Since this seems to have turned into a contest, what about using Typed Arrays?

// Construct an array of length 1024
var length = 1024;
var arr = [];
for (var i = 0; i < length; i++) {
  arr.push(Math.random() > 0.5 ? 1 : 0);
}

var typedLoop = function() {
  var typed = new Uint8Array(arr);
  for (var i = 0; i < typed.length; i++) {
    typed[i] = (typed[i] == 0 ? 1 : 0);
  }
  return arr;
}

var untypedLoop = function() {
  for (var i = 0; i < arr.length; i++) {
    arr[i] = (arr[i] == 0 ? 1 : 0);
  }
  return arr;
}


var withClosure = function() {
  return arr.map(function(x) { return x === 0 ? 1 : 0; });
}

// A time-elapsed function with a lot of repetitions
var reps = 10000;

var time = function(f) {
  var before = new Date().getTime();
  for(var i = 0; i < reps; i++) {
    f();
  }
  console.log(new Date().getTime() - before);
}

Some results:

time(typedLoop)
212

time(untypedLoop)
6169

time(withClosure)
601 

I think that's really interesting. Using a typed array is the shortest. Using a closure with normal array takes 3x as long. Using the for loop is 30x. On my machine, now, with this release of this browser at this ambient temperature and the wind blowing northerly.

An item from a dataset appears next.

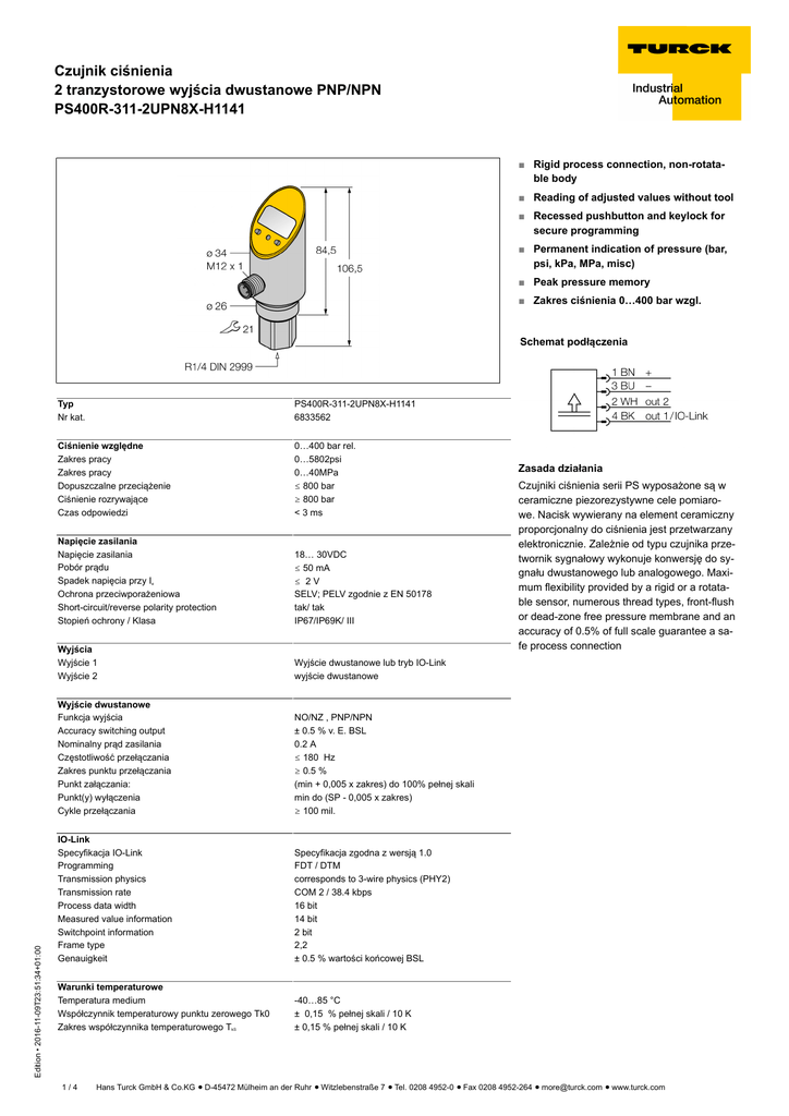 Czujnik ciśnienia 2 tranzystorowe wyjścia dwustanowe PNP/NPN PS400R-311-2UPN8X-H1141 ■ Rigid process connection, non-rotatable body ■ Reading of adjusted values without tool ■ Recessed pushbutton and keylock for secure programming ■ Permanent indication of pressure (bar, psi, kPa, MPa, misc) ■ Peak pressure memory ■ Zakres ciśnienia 0…400 bar wzgl. Edition • 2016-11-09T23:51:34+01:00 Schemat podłączenia Typ Nr kat. PS400R-311-2UPN8X-H1141 6833562 Ciśnienie względne Zakres pracy Zakres pracy Dopuszczalne przeciążenie Ciśnienie rozrywające Czas odpowiedzi 0…400 bar rel. 0…5802psi 0…40MPa ð 800 bar ï 800 bar < 3 ms Napięcie zasilania Napięcie zasilania Pobór prądu Spadek napięcia przy Ie Ochrona przeciwporażeniowa Short-circuit/reverse polarity protection Stopień ochrony / Klasa 18… 30VDC ð 50 mA ð 2V SELV; PELV zgodnie z EN 50178 tak/ tak IP67/IP69K/ III Wyjścia Wyjście 1 Wyjście 2 Wyjście dwustanowe lub tryb IO-Link wyjście dwustanowe Wyjście dwustanowe Funkcja wyjścia Accuracy switching output Nominalny prąd zasilania Częstotliwość przełączania Zakres punktu przełączania Punkt załączania: Punkt(y) wyłączenia Cykle przełączania NO/NZ , PNP/NPN ± 0.5 % v. E. BSL 0.2 A ð 180 Hz ï 0.5 % (min + 0,005 x zakres) do 100% pełnej skali min do (SP - 0,005 x zakres) ï 100 mil. IO-Link Specyfikacja IO-Link Programming Transmission physics Transmission rate Process data width Measured value information Switchpoint information Frame type Genauigkeit Specyfikacja zgodna z wersją 1.0 FDT / DTM corresponds to 3-wire physics (PHY2) COM 2 / 38.4 kbps 16 bit 14 bit 2 bit 2,2 ± 0.5 % wartości końcowej BSL Warunki temperaturowe Temperatura medium Współczynnik temperaturowy punktu zerowego Tk0 Zakres współczynnika temperaturowego TkS -40…85 °C ± 0,15 % pełnej skali / 10 K ± 0,15 % pełnej skali / 10 K 1/4 Zasada działania Czujniki ciśnienia serii PS wyposażone są w ceramiczne piezorezystywne cele pomiarowe. Nacisk wywierany na element ceramiczny proporcjonalny do ciśnienia jest przetwarzany elektronicznie. Zależnie od typu czujnika przetwornik sygnałowy wykonuje konwersję do sygnału dwustanowego lub analogowego. Maximum flexibility provided by a rigid or a rotatable sensor, numerous thread types, front-flush or dead-zone free pressure membrane and an accuracy of 0.5% of full scale guarantee a safe process connection Hans Turck GmbH & Co.KG ñ D-45472 Mülheim an der Ruhr ñ Witzlebenstraße 7 ñ Tel. 0208 4952-0 ñ Fax 0208 4952-264 ñ [email protected] ñ www.turck.com Czujnik ciśnienia 2 tranzystorowe wyjścia dwustanowe PNP/NPN PS400R-311-2UPN8X-H1141 Warunki otoczenia Temperatura pracy Temperatura składowania Odporność na wibracje Shock resistance EMC -40…80 °C -40…+80°C 20 g (9…2000 Hz), zgodnie z IEC 68-2-6 50 g (11 ms) , zgodnie z IEC 61508 EN 61000-4-2 ESD:4 kV CD / 8 kV AD EN 61000-4-3 pasmo HF: 15 V/m EN 61000-4-4 impuls: 2 kV EN 61000-4-5 udar: 1000 V, 42 Ohm EN 61000-4-6 przewód HF: 10 V Obudowa Materiał obudowy Materiał łącza procesowego Materiał przetwornika ciśnienia Materiał uszczelniający Podłączenie procesowe Wrench size pressure connection / coupling nut Połączenie elektryczne Maks. moment dokręcający nakrętki obudowy stal nierdzewna/tworzywo sztuczne, V2A (1,4305) Stal nierdzewna A2 1.4305 (AISI 303) Ceramics AI2O3 FPM spez. R¼″, gwint żeński zgodny z normą DIN 2999 21 złącze kołnierzowe, M12 x 1 35 Nm Warunki odniesienia zgodne z IEC 61298-1 temperatura Ciśnienie atmosferyczne Wilgotność Zasilanie pomocnicze 15…25 °C 860…1060 hPa bezwzgl. 45…75 % wzgl. 24 VDC Wyświetlacz Jednostka wyświetlacza 4-cyfrowy 7-segmentowy wyświetlacz, możliwość obrotu o 180°, rozłączany 2 x LED żółta Punkt załączania/wyłączania, PNP/NPN; NO/NC; histereza/tryb okna, filtr; jednostki ciśnienia; pamięć wartości szczytowej ciśnienia 5 zielonych diod LED (bar, psi, kPa, MPa, misc) MTTF 242 zgodnie z SN 29500 (Ed. 99) 40 °C Edition • 2016-11-09T23:51:34+01:00 Wskaźnik stanu przełączenia Wartość pomiarowa/programowanie 2/4 Hans Turck GmbH & Co.KG ñ D-45472 Mülheim an der Ruhr ñ Witzlebenstraße 7 ñ Tel. 0208 4952-0 ñ Fax 0208 4952-264 ñ [email protected] ñ www.turck.com Czujnik ciśnienia 2 tranzystorowe wyjścia dwustanowe PNP/NPN PS400R-311-2UPN8X-H1141 Akcesoria montażowe Typ Nr kat. PTS-Cover 6907410 Osłona ochronna Rysunek wymiarowy PTS-MB-1 6877007 Uchwyt montażowy Akcesoria - okablowanie Typ Nr kat. WKC4.4T-2/TEL 6625025 Rysunek wymiarowy Przewód podłączeniowy, złącze żeńskie M12, kątowe, 4-pinowe, długość: 2 m; materiał otuliny: PVC, czarny; certyfikat cULus; dostępne również inne długości kabli i typy otuliny, patrz www.turck.com RKC4.4T-2/TEL 6625013a Przewód podłączeniowy, żeński M12, prosty, 4-stykowy, długość przewodu: 2 m; materiał otuliny: PVC, czarny; certyfikat cULus; dostępne również inne długości kabli i typy otuliny, patrz www.turck.com RKC4.4T-2/TXL 6625503 Przewód podłączeniowy, złącze żeńskie M12, proste, 4-pinowe, długość: 2 m; materiał otuliny: PVC, czarny; certyfikat cULus; dostępne również inne długości kabli i typy otuliny, Edition • 2016-11-09T23:51:34+01:00 patrz www.turck.com 3/4 Hans Turck GmbH & Co.KG ñ D-45472 Mülheim an der Ruhr ñ Witzlebenstraße 7 ñ Tel. 0208 4952-0 ñ Fax 0208 4952-264 ñ [email protected] ñ www.turck.com Czujnik ciśnienia 2 tranzystorowe wyjścia dwustanowe PNP/NPN PS400R-311-2UPN8X-H1141 Akcesoria - okablowanie Typ Nr kat. WKC4.4T-2/TXL 6625515 Rysunek wymiarowy Przewód podłączeniowy, złącze żeńskie M12, kątowe, 4-pinowe, długość: 2 m; materiał otuliny: PVC, czarny; certyfikat cULus; dostępne również inne długości kabli i typy otuliny, patrz www.turck.com RKC4.4T-2/TEL 6625013 Przewód podłączeniowy, złącze żeńskie M12, proste, 4-pinowe, długość: 2 m; materiał otuliny: PVC, czarny; certyfikat cULus; dostę

Using elapsed time isn't a very good measure at all but it's a practical indication.

Obviously this doesn't matter at all. You probably won't be calculating thousand-long arrays tens of thousands of times. Go with the clearest code. But it does answer your question about the 'most efficient' (which isn't always the best).

Answer 2

This is very inefficient, but a fun way to attack the problem.

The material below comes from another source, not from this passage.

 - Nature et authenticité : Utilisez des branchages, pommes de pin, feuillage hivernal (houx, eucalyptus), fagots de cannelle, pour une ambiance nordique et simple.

var arr1 = [ 0, 0, 1, 1, 1, 0, 1 ];
var swapped = JSON.parse(JSON.stringify(arr1).replace(/[01]/g, function(x){ return x==0?1:0;}));

• Converts array to string
• String Replace match with regular expression, replace character to opposite
• Converts the new string back to an array

Written as multiple lines:

var arr1 = [ 0, 0, 1, 1, 1, 0, 1 ];
var arrayString = JSON.stringify(arr1);
var flip1and0 = arrayString.replace(/[01]/g, function(x){ return x==0?1:0;});
var swappedArray =  JSON.parse(flip1and0);

Answer 3

Using a binary operation should be faster than any other approach.

var arr1 = [ 0, 0, 1, 1, 1, 0, 1 ];
for (var i = 0; i < arr1.length; i += 1) {
    arr1[i] ^= 1;
}
console.log(arr1);
# [ 1, 1, 0, 0, 0, 1, 0 ]

We use Binary XOR with 2. It works because

console.log(1 ^ 1);   // 0
console.log(0 ^ 1);   // 1

Answer 4

In general, "efficiency" questions in JavaScript are a pitfall, because different engines are more efficient with different things. Optimizing before there's a problem to solve is almost always a waste of time (regardless of language/environment), but this is particularly true when your optimization targets (JavaScript engines) vary markedly in their performance profiles.

In general, subject to that caveat, I don't think you'll find anything more efficient than a simple for loop where you cache the length.

var arr1 = [ 0, 0, 1, 1, 1, 0, ..., 1 ];
var n, l;
for (n = 0, l = arr1.length; n < l; ++n) {
    arr1[n] = arr1[n] === 0 ? 1 : 0;
}

But again, solve performance issues when you run into performance issues, and then solve them by testing in your target environments (either within your app, or with tools like http://jsperf.com).

Answer 5

You can try with a for loop.

Code:

var arr1 = [0, 0, 1, 1, 1, 0, 1];

for (var i = 0; i < arr1.length; i++) {
    arr1[i] = 1 - arr1[i]
}

At the moment binary operation win: http://jsperf.com/test-foor-loop

Demo: http://jsfiddle.net/IrvinDominin/Kw3e6/

Answer 6

Just map the array and return 1 for 0 and 0 for anything else

var arr2 = arr1.map(function(x) { return x === 0 ? 1 : 0; })

FIDDLE